# LXC 1.0 Released



## NickM (Feb 21, 2014)

http://linuxcontainers.org/news/

LXC 1.0 was released yesterday.



> LXC 1.0 is the first production ready release of LXC and it comes with a commitment from upstream to maintain it until at least Ubuntu 14.04 LTS reaches end of life in April 2019. That's slightly over 5 years of support!


Tons of changes, but the most interesting for most of us here is probably support for fully unprivileged containers, which should open the door for hosts to at least begin thinking about actually selling LXC-based VPSes.  In a way, LXC is the spiritual successor to OpenVZ - after all, a lot of features used by LXC got their start in OpenVZ (PID and network namespaces, memory controller, and checkpoint-restore come to mind).
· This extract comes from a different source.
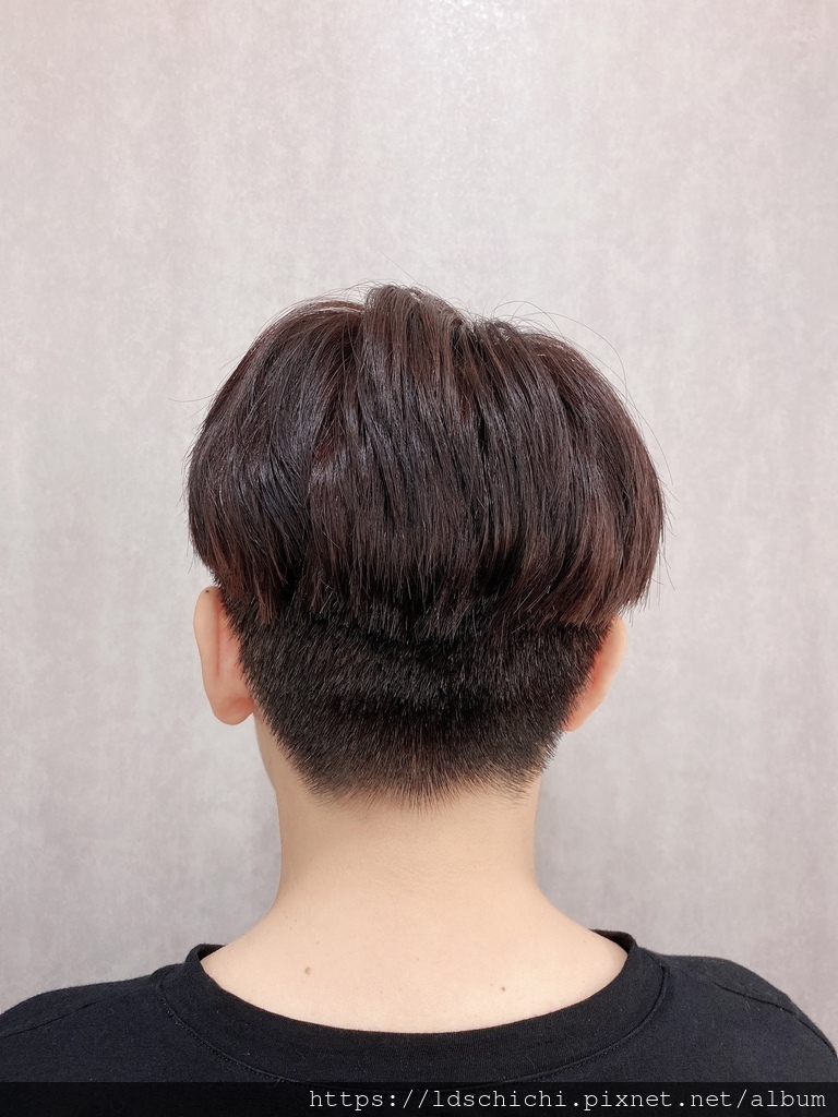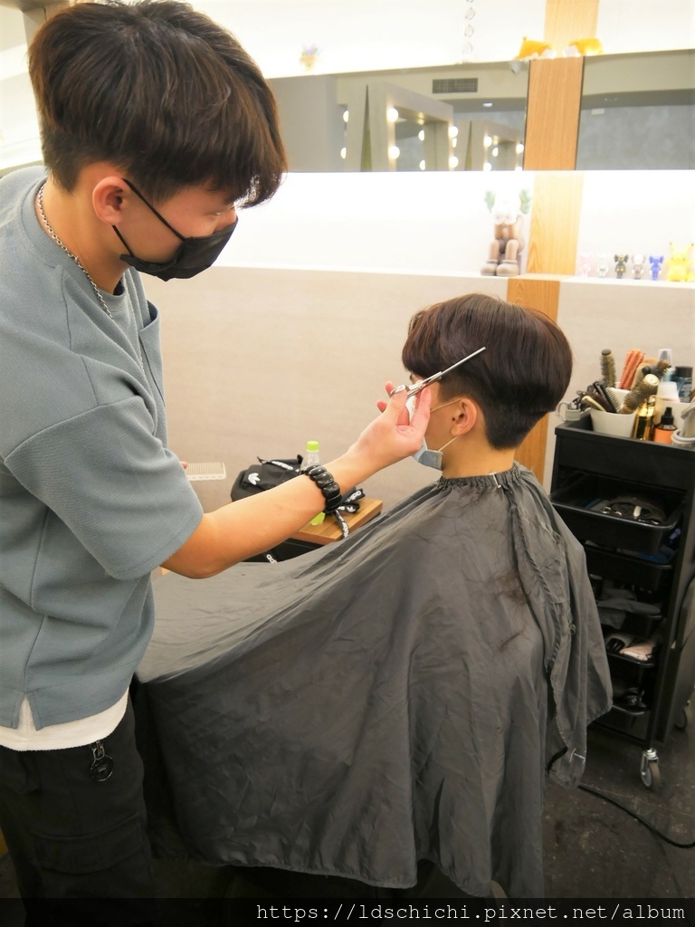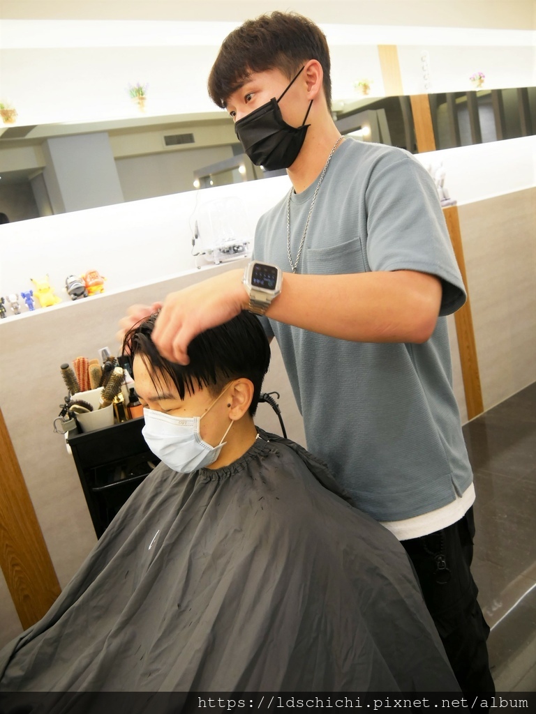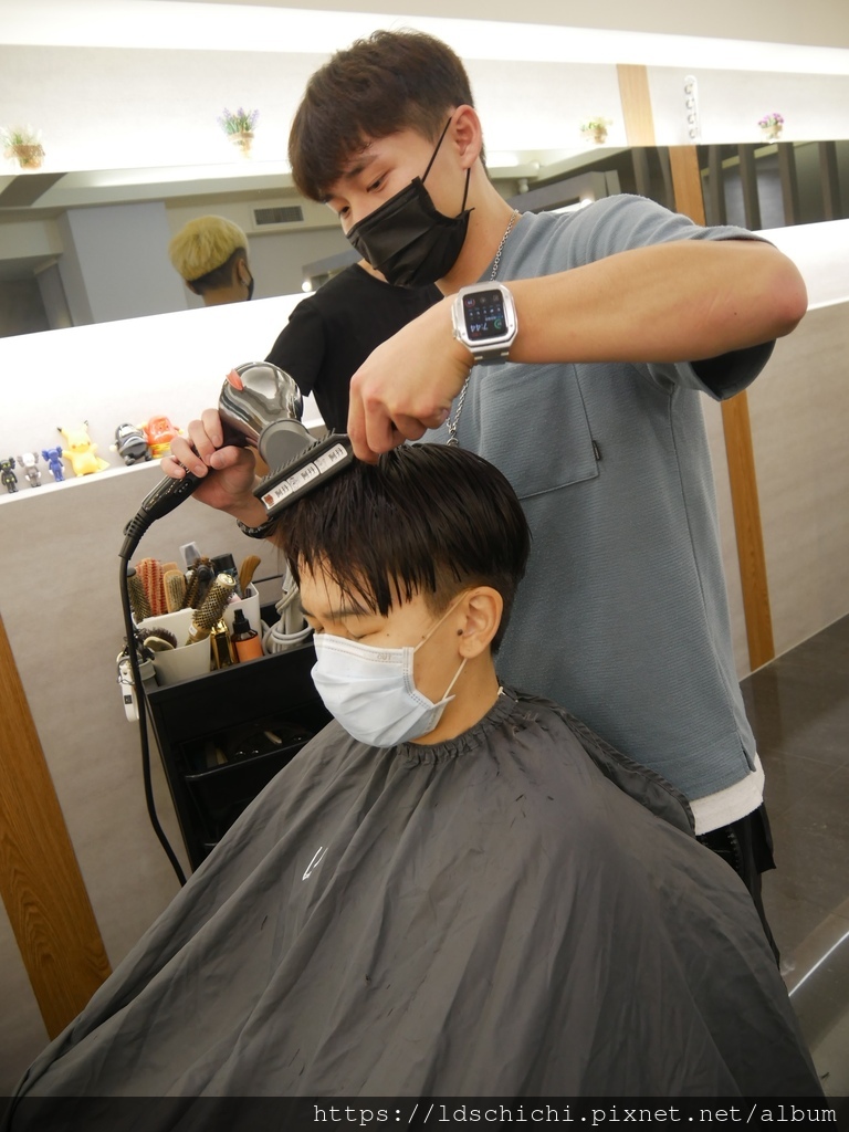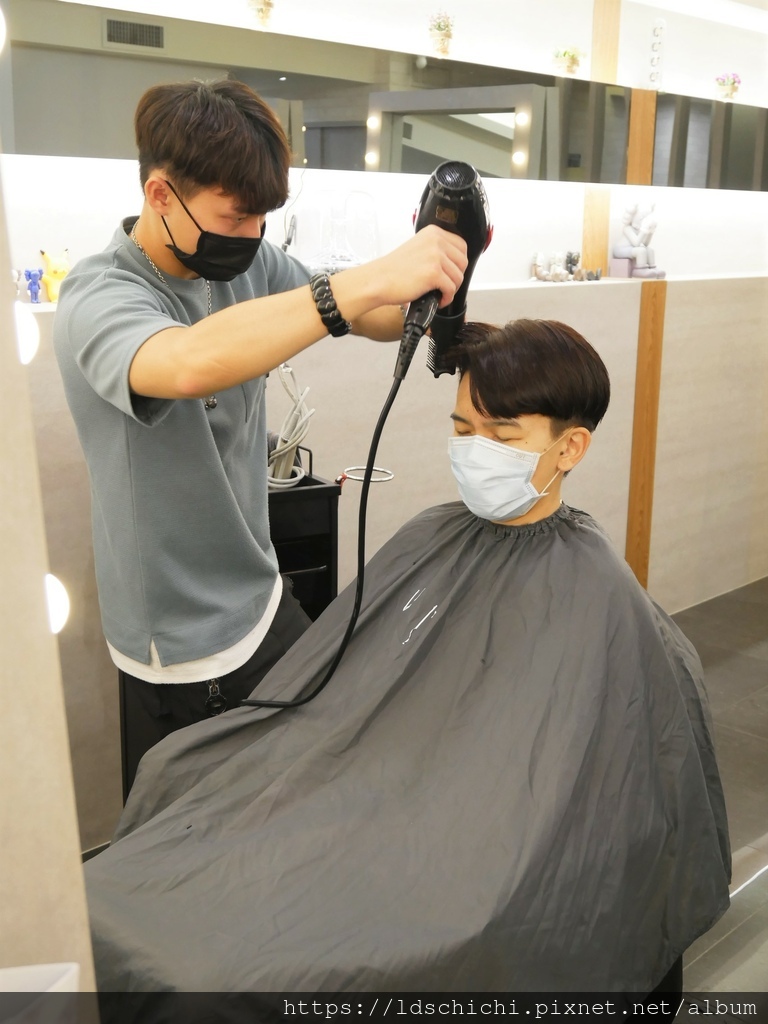 他稍微吹整一下~髮型帶點捲度

So, with that, what do you guys think?  Is LXC the wave of the future in VPS hosting?  Will it overtake OpenVZ?  Where does Docker fit into this?1   Or is containerization going to disappear completely, with KVM continuing it's upward trend?2

1: Docker uses LXC too, but it doesn't really provide a full OS environment and is designed for containerizing specific applications.  Would Docker be suitable for, say, a hosted app service like AppFog?  Or, with the introduction of fully unprivileged containers, will Docker expand it's functionality to allow a full OS environment?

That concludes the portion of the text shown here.